Does the chain of inequalities $\liminf_{n\to +\infty} f(x_n)\le f(x_n)\le\limsup_{n\to +\infty} f(x_n)$ hold true?

Question

Let $f$ be a real valued function. Let $(x_n)_n$ be a real sequence.

Is true that $$\liminf_{n\to +\infty} f(x_n)\le f(x_n)\le\limsup_{n\to +\infty} f(x_n)?$$

I know that for every sequence $$\liminf_{n\to +\infty} x_n\le\limsup_{n\to +\infty} x_n,$$ but I don't know how to prove that the former chain of inequalities is true.

Could someone please help?

Thank you in advance.

Answer 1

No, the “chain of inequalities’’ is false.

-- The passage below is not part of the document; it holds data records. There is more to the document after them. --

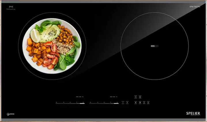 Bếp từ Spelier SPM-T05 PRO được tích hợp chức năng tự nhận diện vùng nấu, khi ta đặt nồi lên 1 trong 2 vùng nấu sau đó ấn nút khởi động bếp sau thời gian 1-2 giây bếp sẽ tự động tìm vùng nấu đã có nồi, ta chỉ việc điều chỉnh mức công suất to nhỏ theo ý muốn mà không phải thao tác chọn vùng nấu như bếp thông thường. Công nghệ Dual core Inverter được áp dụng trên bếp từ Spelier SPM-T05 PRO có khả năng phản ứng thay đổi công suất theo điều khiển ngay tức thì, khi người dùng điều chỉnh tăng giảm nhiệt độ đun nấu, bếp điều chỉnh thay đổi tức thì về mức nhiệt độ mong muốn
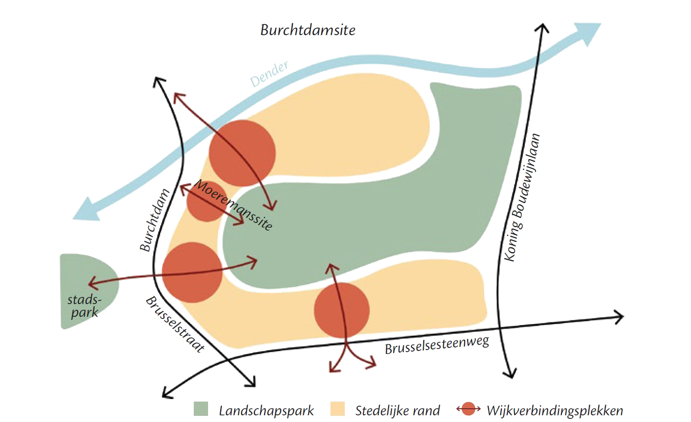 De aanleg van het landschapspark ‘Burchtdam’ door de stad wordt volgens dezelfde filosofie ontwikkeld en is een voorloper op de plannen van de Vlaamse Overheid.
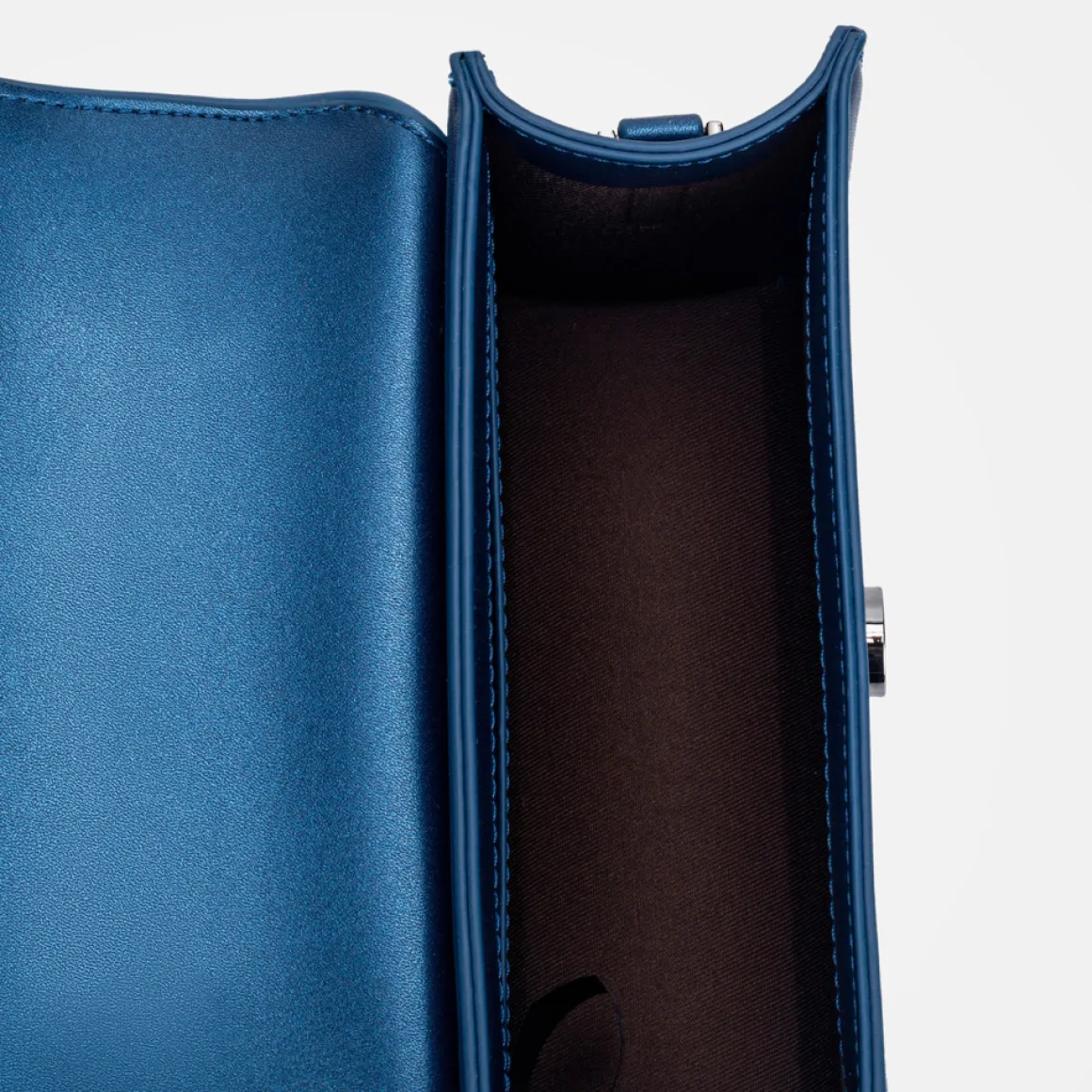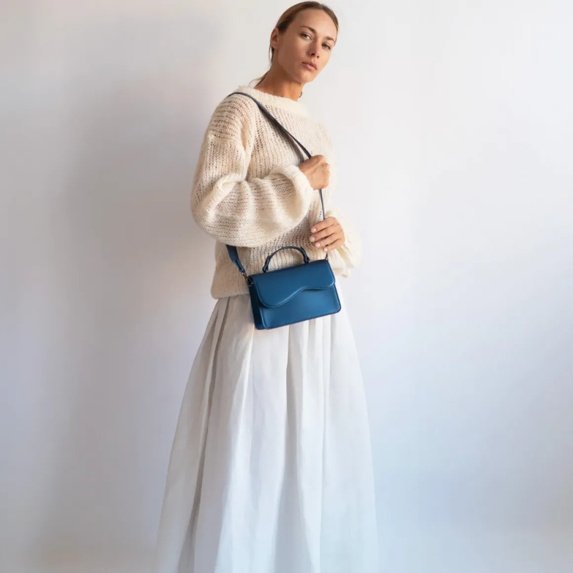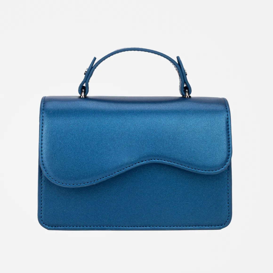 Miniveske med bølgede designdetaljer. Vesken har magnetisk lukking og ett rom med en innvendig glidelåslomme. Den har et kort håndtak og en justerbar crossbody-stropp.
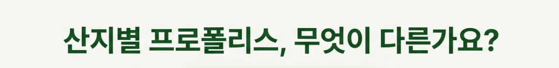 산지별 프로폴리스 특징 비교
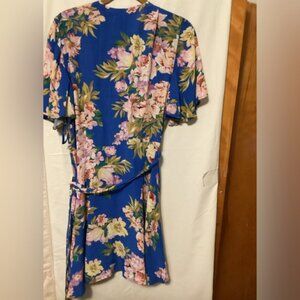 Royal blue with floral print wrap dress with tie at the waist
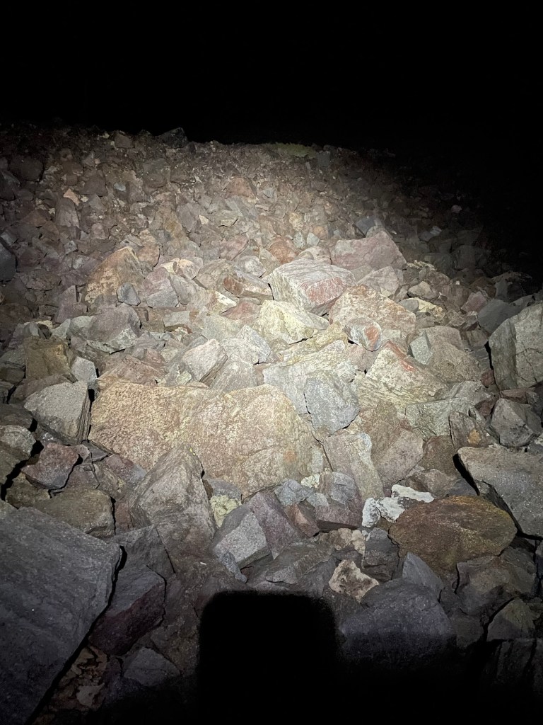 The trail became nonexistent just before sunset. I had a feeling deep down that it wasn’t going to be a welcomed couple of hours ahead. The map was showing the trail switch backing up a rocky face that we could still see. I wanted to explore it a bit to be able to make a conscious decision. Light was fading quickly. We climbed half way up without any luck in finding anything resembling a trail. Hagen wanted to get to the top, as it’s always hard to lose the elevation you just gained. We topped out as the dark set in. I rushed around the knob to get sight on what was ahead of us. What I found wasn’t what I had hoped for. It was one huge rock slide and within minutes I was using my headlamp to see a few feet in front of myself. This was going to be a challenge with two good legs. My partner had two good trekking poles and two bad legs. I had only taken a couple of sips from my water bladder in the last hour or so. I wasn’t dehydrated but knew my partner was and would soon be completely out. I was tired earlier, but now, I am numb. It didn’t hurt in one single spot. I knew this was just getting started and I had to reset to get started with it.
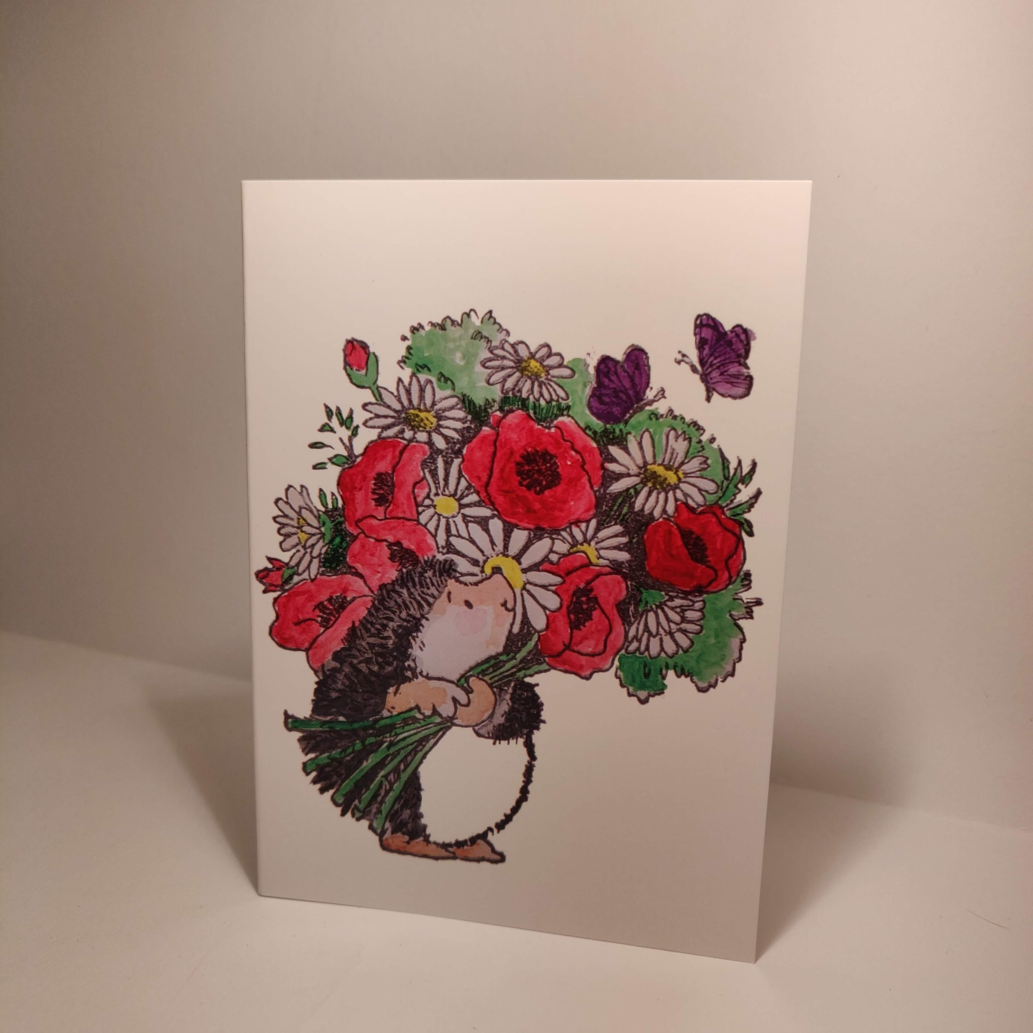 Dit is een kaart van een egeltje met een bos bloemen en twee vlinders
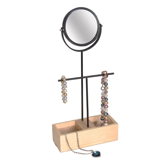 Expositor de metal negro con base de madera natural
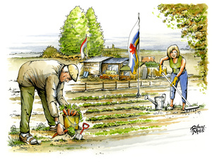 Mensen werken in volkstuin
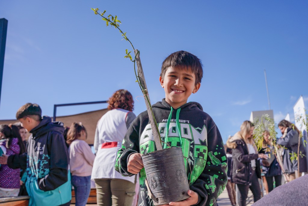 La iniciativa de forestación comunitaria “San Martín Planta” se lanzó en la Escuela Primaria N°87 de Barrio Libertador, donde los estudiantes recibieron el primer kit de germinación con semillas, plantines, tierra, herramientas de jardinería e información para realizar la primera plantación de árboles nativos.

It can even be false for infinitely many $n$; consider the sequence $x_n=(-1)^n/n$.

Answer 2

No. Consider the sequence $(x_n)$, where $x_n=(-1)^n2^{-n}$, and let $f$ be the function $f(x)=x$. Check to see that the proposed string of inequalities does not hold for any nonnegative integer $n$.

This extends to contiuous functions. Graph, say $e^{-x}\sin(x)$, or even $x^2e^{-x}\sin(x)$.